Один из моих детских снов – который помнишь потом всю жизнь, который, как особый узелок на шве, вспоминаешь совершенно вне контекста своего возраста – мне снился Седневский холм, и раскинувшийся по ту сторону реки левый берег с лугами и лесом в предрассветной дымке, серой, чуть зеленоватой, и там, перескакивая через болотистые лужи, возможно, отталкиваясь от их дна древком косы, скакала сама смерть: невысокая сгорбленная, но невероятно юркая старуха в бесцветном балахоне. Она всегда была там, в этом сне, в моем бочонке с воспоминаниями, даже на море, даже в свадебном путешествии в Турции, где-то на дне деловито шастала по своему сырому лугу пасмурным утром.

Солнечное утро мне всегда казалось логичным продолжением ночи и символом природного иссякания бед – но та больничная пора подкинула новые, не рассматриваемые ранее варианты: а как быть с пасмурным утром, ноябрьским, туманным, когда свет не выключаешь до обеда? Или как быть, того хуже – с полярной ночью? Я думала, не без истерического женского пафоса, что те наши десять лет без единой ссоры были просто полярным днем, а сейчас пришло время ночи.

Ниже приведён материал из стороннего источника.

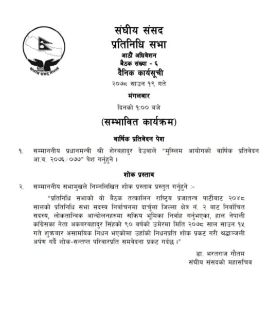 दोस्रो कार्यसूचीमा तत्कालिन राष्ट्रिय प्रजातन्त्र पार्टीबाट २०४८ सालको प्रतिनिधि सभा सदस्य निर्वाचनमा दार्चुला क्षेत्र नम्बर २ बाट निर्वाचित सदस्य अकबरबहादुर बहादुर सिंहको निधनमा शोक प्रस्ताव पारित गर्ने रहेको सचिवालले जारी गरेको सूचनामा उल्लेख छ।

Когда нас выписали из больницы первый раз, я садилась со свекровью у него в изголовье, и мы беседовали о мальчике. Кем он хотел стать, о чем мечтал. Она уже не плакала, а говорила горячо и с радостью. «Пожарником… хотел быть пожарником, ты помнишь, сына? А еще космонавтом, да? Космонавтом…» А я смотрела на его вывернутые в стороны, как у лягушонка, ноги и думала об этом ребусе: раз у него есть ноги, то он может ходить. Нельзя ходить лишь в том случае, когда ног нет.

Когда мы снова отвезли его в больницу и оставили там («Оставили!..Оставили!» – рыдала свекровь, комкая целлофановый кулек на выходе, на широком больничном променаде), то я ничего, кроме облегчения, не чувствовала. Он снова был в реанимации, а его ум – на поле боя. «Нет, так не пойдет!» – как будто говорил он той старухе, юродствующей, кривляющейся, прыгающей с косой, как с шестом, через лужи. «Отдай мне мои ножки!»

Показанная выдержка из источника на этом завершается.